Support additions and deletions, fuzzy search, remote function call and so on. can also remove duplicate data, save traffic to increase speed!

There is no interface for transmitting JSON data from this HTTP, and no documentation required!

The client no longer has to communicate with the server interface or documentation issues! Will never be a file of all kinds of error pits!

The server will no longer have to write new versions of the interface and documentation for compatibility with Legacy Clients! Will never be bored by the client anytime and anywhere!

Client:

Is this apijson so good? How do you do that?

Me:

Give me a chestnut (check out a list of friends like a circle):

Request:

{    "[]": {                               //Request an array        "page": 0,                        //array condition        "Count": 2,                "user": {                         //Request query with table named User, return jsonobject            "sex" named User: 0                      //object condition        },        "moment": {            "[email protected]": "/user/id"         ///default dependent path, starting from the path of the sibling object        },        "comment[]": {                    //Request an array named Comment             "page": 0,            "Count ": 2,            " Comment ": {                 " [email protected] ":" []/moment/id "  //Full dependent path             }    }}}

Click here to test

Return:

{"[]": [{"User": {"id": 38710, "Sex": 0, "phone": "130003 8710 "," name ":" Name-38710 "," Head ":" Http://static.oschina.net/uploads/user/1218/2437072_100. "                jpg?t=1461076033000 "}," moment ": {" id ": 470," title ":" Title-470 ", "Content": "This is a content...-470", "userId": 38710, "picturelist": ["Http://stat                    ic.oschina.net/uploads/user/585/1170143_50.jpg?t=1390226446000 "]}," comment[] ": [{ "Comment": {"id": 4, "ParentID": 0, " Momentid ": 470," userId ": 310," Targetuserid ": 14604," C Ontent ":" This is a content...-4 "," TargetUserName ":" targetUserName-14604 "," UserName ":" userName-93781 "}}, {" Comment ": {" id ": 22,                        "ParentID": 221, "Momentid": 470, "userId": 332, "Targetuserid": 5904, "content": "This is a content...-22", "t                Argetusername ":" targetUserName-5904 "," UserName ":" userName-11679 "}                }]}, {"User": {"id": 70793, "Sex": 0, "Phone": "1300070793", "name": "Name-70793", "Head": "HTTP://STATIC.OSCHINA.NET/UPLOADS/USER/1 174/2348263_50.png?t=1439773471000 "}," moment ": {" id ":", "" title ":" T itle-73 "," Content ":" This is a content...-73 "," userId ": 70793," picturelist ": ["http://my.oschina.net/img/portrait.gif?t=1451961935000 "]}," comment[] ": [{" Comment ": {                        "id": "parentid": 0, "Momentid": 170, "UserId": 7073, "Targetuserid": 6378, "content": "This is a content.                    . -44 "," TargetUserName ":" targetUserName-6378 "," UserName ":" userName-88645 "                        }}, {"Comment": {"id": 54,                        "ParentID": 0, "Momentid": +, "userId": 3, "Targetuserid": 62122, "content": "This is a content...-54", "Targetus            Ername ":" targetUserName-62122 "," UserName ":" UserName-82381 "}} ]        }    ]} 

Client:

It is clear at a glance, do not read the document AH!

I've been through a lot of documents. All, the document is more or less write a field, the field is wrong or multiple spaces, or the field type is wrong, do not know how much wasted debugging and communication time!
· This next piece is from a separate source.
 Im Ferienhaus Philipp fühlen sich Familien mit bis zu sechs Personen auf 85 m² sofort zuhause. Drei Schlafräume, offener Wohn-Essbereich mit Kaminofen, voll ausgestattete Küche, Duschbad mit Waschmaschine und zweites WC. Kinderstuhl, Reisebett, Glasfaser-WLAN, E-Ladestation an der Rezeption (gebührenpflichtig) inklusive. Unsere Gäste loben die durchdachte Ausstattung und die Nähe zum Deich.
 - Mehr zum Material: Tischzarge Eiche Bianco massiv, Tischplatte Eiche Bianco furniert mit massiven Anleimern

Sometimes the top with the app out of the question call us past, commissioning half a day only to find that the original service has changed the interface! And did not notify us in time!
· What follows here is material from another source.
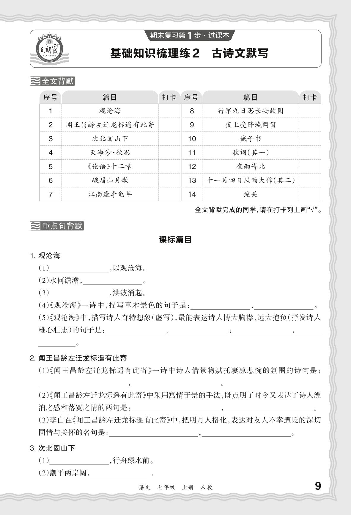2023秋上册七年级语文人教版 期末过课本·基础知识梳理练 古诗文默写【2】

Once the head of the tangle to change the single-layer comment to QQ that kind of multi-level comments, their own according to the previous interface to write a demo demo to the top, the top is satisfied with the decision to achieve the demand, the results of the back end and I have to discuss the interface to return the JSON structure, resulting in my side have to refactor the code,

Me:

With Apijson You can customize the JSON structure to return on demand, no interface, no documents, will not be the document pits, there will not be you say back-end Pat head fixed JSON structure caused by the client refactoring problem haha!

Client:

nice!

Service side:

Some interfaces need Currentuserid and Loginpassword, what are you doing?

Me:

Pass directly on the outermost layer, for example:

{    "Currentuserid": +,    "Loginpassword": 1234,    "User": {        "id": 1    }}

Service side:

Where do you put the status code and the prompt information returned?

Me:

Also on the outermost layer, for example, the return result of the above request:

{    "status": $,    "message": "Success",    "User": {        "id": "1",        "sex": "0",        "phone": "1234567890 ",        " name ":" Tommy ",        " head ":" http://static.oschina.net/uploads/user/1218/2437072_100.jpg?t=1461076033000 "    }}

Client:

One request arbitrary structure arbitrary data, convenient and flexible, do not need specialized interface or multiple requests?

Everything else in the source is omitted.